# [PROBLEM TO WORK ON]
Please copy exactly the part of the records below that opens with the line containing "果皮顏色及形狀: 愛文芒果成" and closes with the line containing "38. 다음 시트의 [D10]", leaving out any pictures.

# [INPUT DATA]
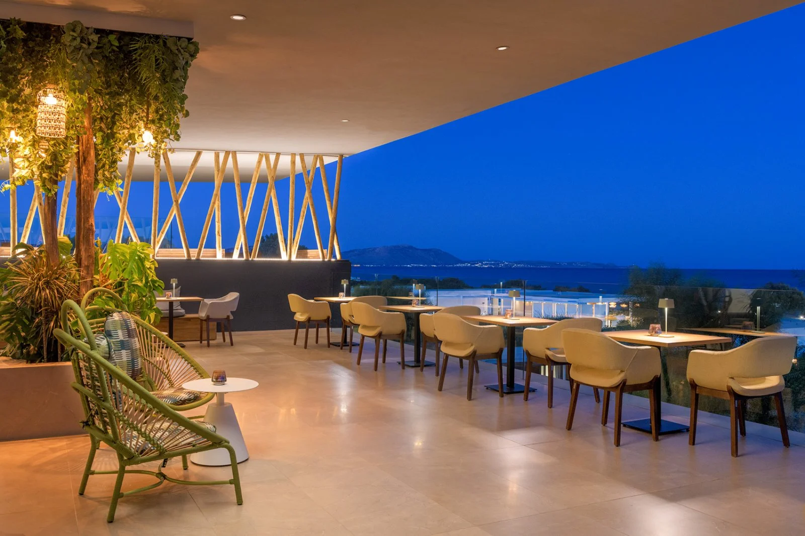 Presso l’elegante ristorante principale è servita a buffet la prima colazione inclusa nel trattamento di pernottamento e prima colazione. Inoltre, a pagamento, pranzo e cena a buffet presso il ristorante principale, 2 snack restaurant, Alati Beach Deli in spiaggia e Wet Casual pool, ideali per pranzi leggeri o spuntini durante il giorno, e 5 ristoranti à la carte, Ble aperto per pranzo, Ten2One con specialità mediterranee per pranzo e cena, Ouzo con cucina greca, Edesma Fine Dining e Steak House aperti per cena. A completare l’offerta, vari bar, in spiaggia e presso le piscine e la lobby. È possibile prenotare anche il trattamento mezza pensione o all inclusive: maggiori dettagli ai rispettivi paragrafi dedicati.
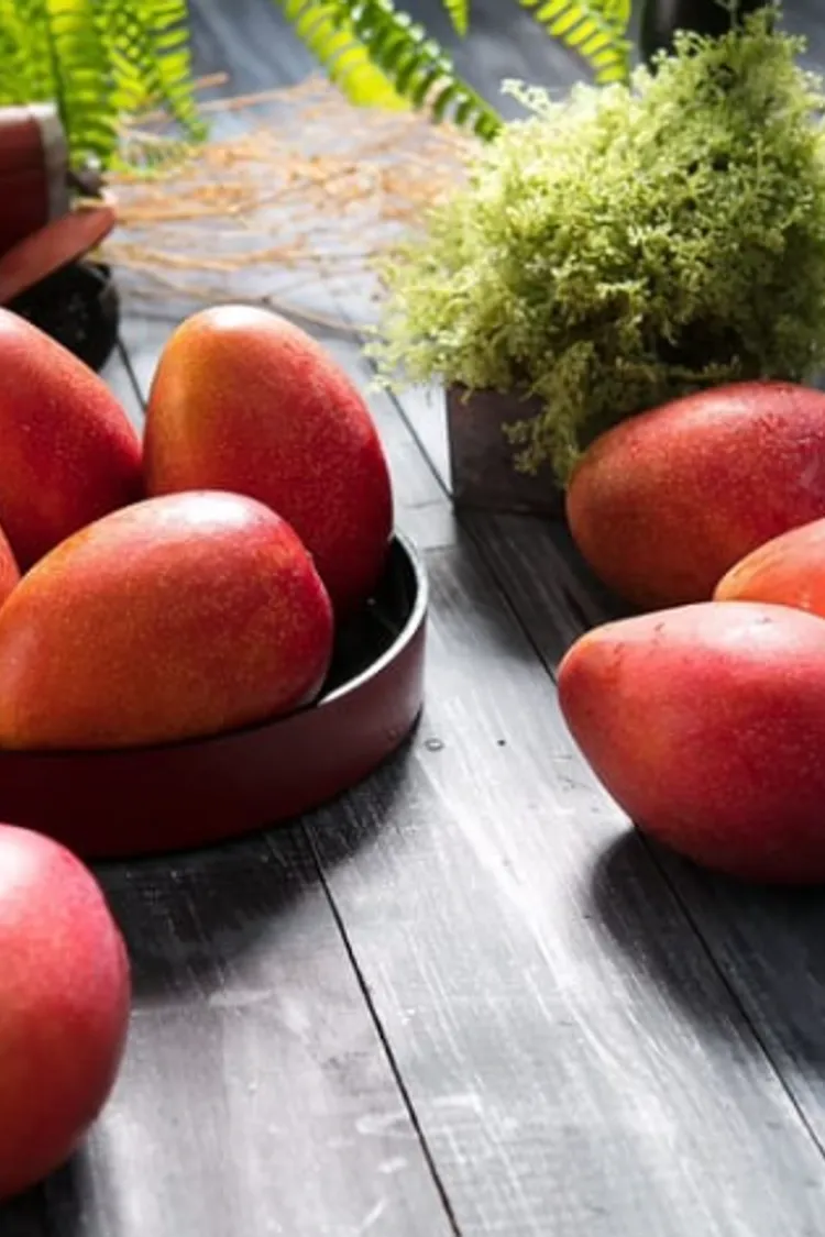 果皮顏色及形狀: 愛文芒果成熟後果皮呈現鮮紅色,外觀飽滿圓潤,有時會像蘋果一樣紅潤,因此又被稱為「蘋果檨」.
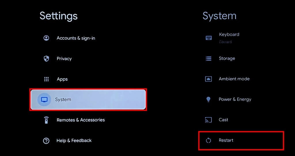システムの再起動を実行すると、ChromecastおよびChromecast Voice Remoteでグリッチを修正できます。 Google TVの設定から、またはストリーミングデバイスを電源に再接続することにより、Chromecastを再起動できます。
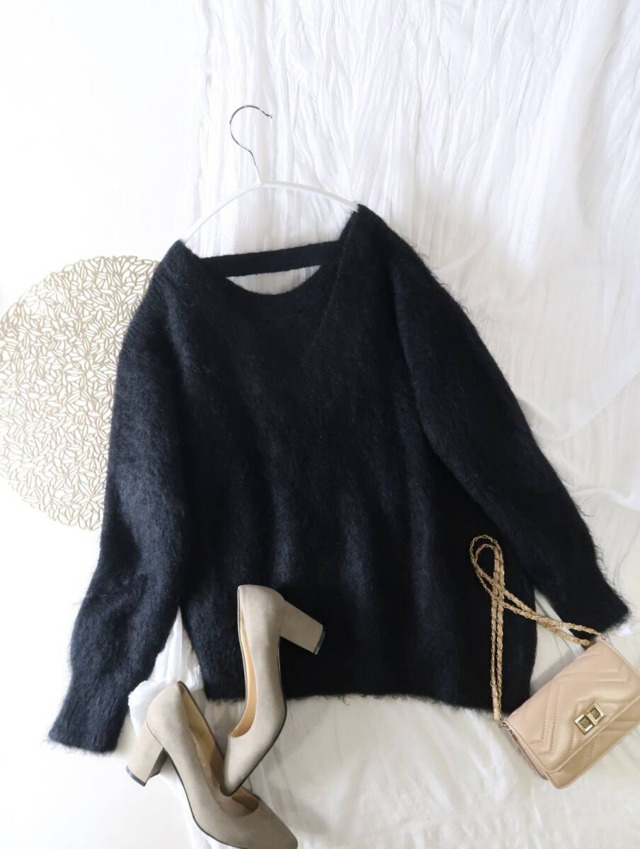 新品☆ガリャルダガランテ取扱/オーフリー Awfully☆モヘヤ混 バックVネック モヘヤニット Fサイズ☆M-B 6523
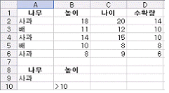 38. 다음 시트의 [D10] 셀에서 =DCOUNT(A1:D6,3,A8:B10) 을 입력했을 때 결과 값으로 옳은 것은?
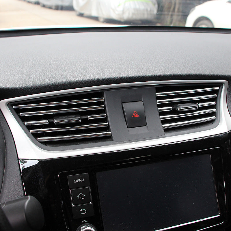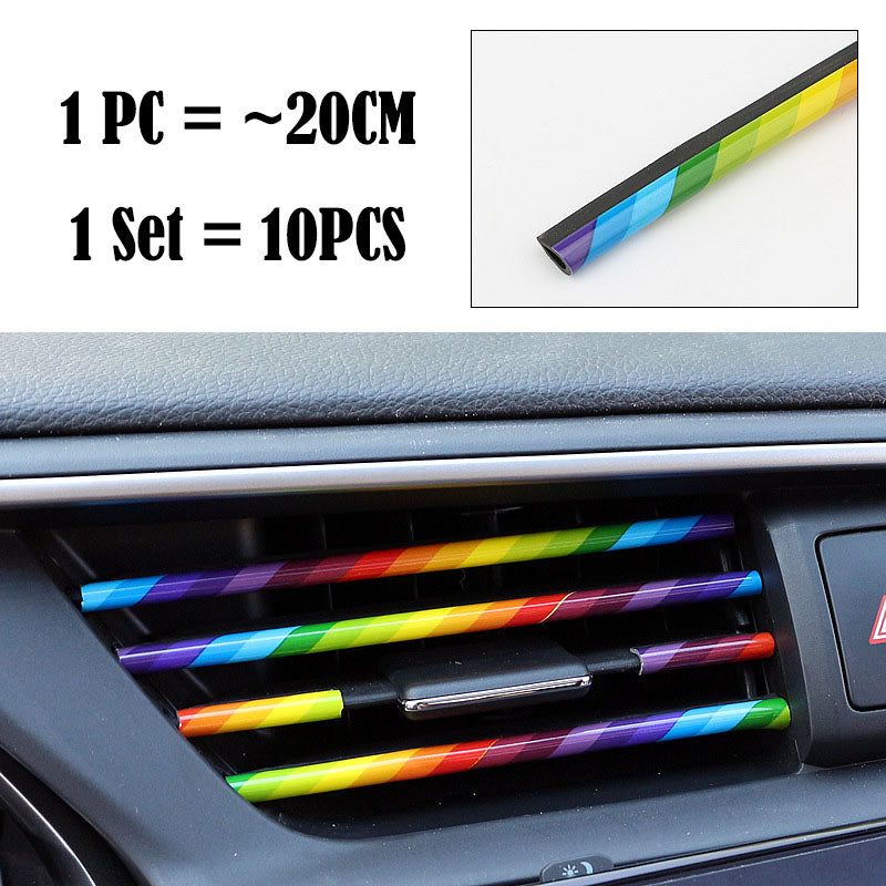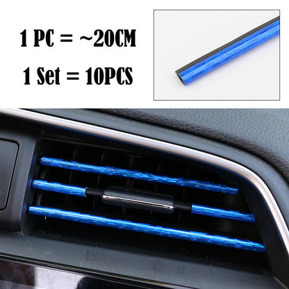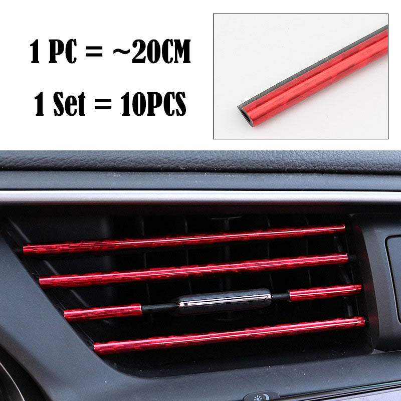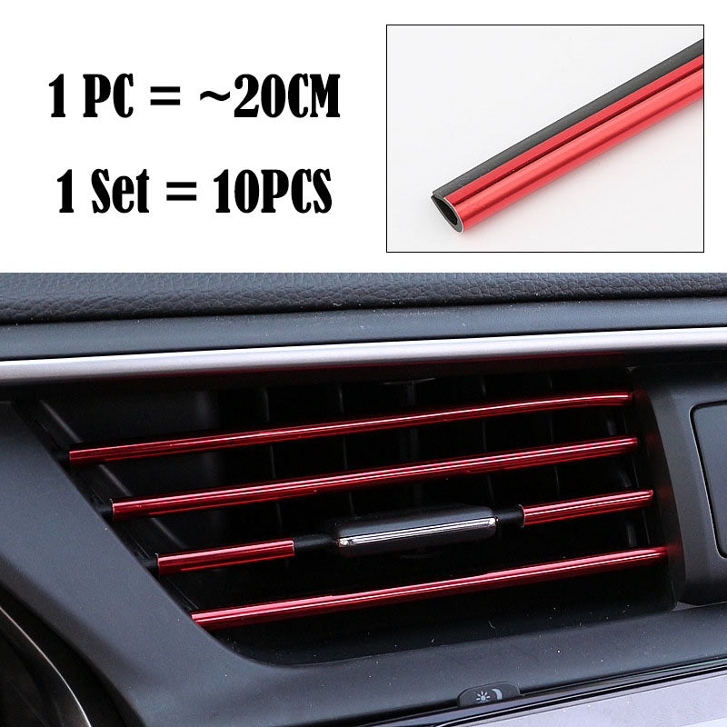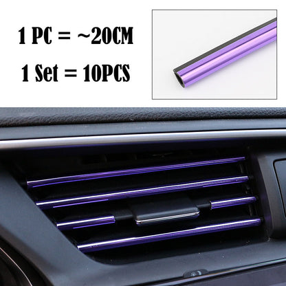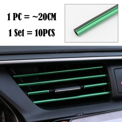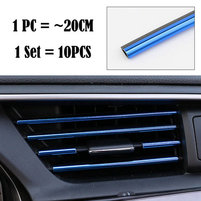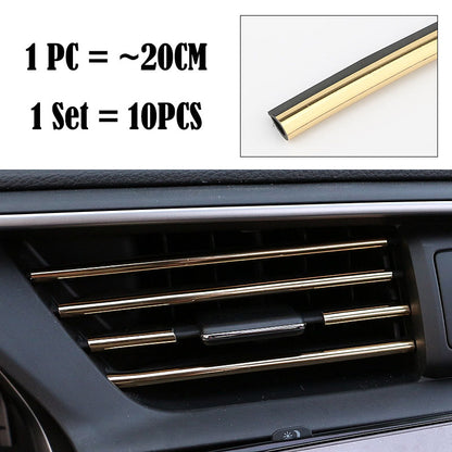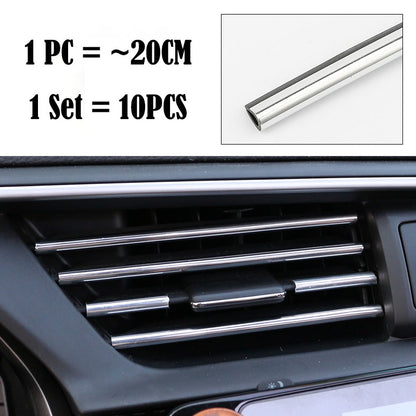 (Set of 10pcs) Pinalloy 20cm 3D Bright Strip Chrome Car interior DIY Exterior Moulding Trim Strip line Sticker for Air Outlet

# [REPLY]
 果皮顏色及形狀: 愛文芒果成熟後果皮呈現鮮紅色,外觀飽滿圓潤,有時會像蘋果一樣紅潤,因此又被稱為「蘋果檨」.
システムの再起動を実行すると、ChromecastおよびChromecast Voice Remoteでグリッチを修正できます。 Google TVの設定から、またはストリーミングデバイスを電源に再接続することにより、Chromecastを再起動できます。
 新品☆ガリャルダガランテ取扱/オーフリー Awfully☆モヘヤ混 バックVネック モヘヤニット Fサイズ☆M-B 6523
 38. 다음 시트의 [D10] 셀에서 =DCOUNT(A1:D6,3,A8:B10) 을 입력했을 때 결과 값으로 옳은 것은?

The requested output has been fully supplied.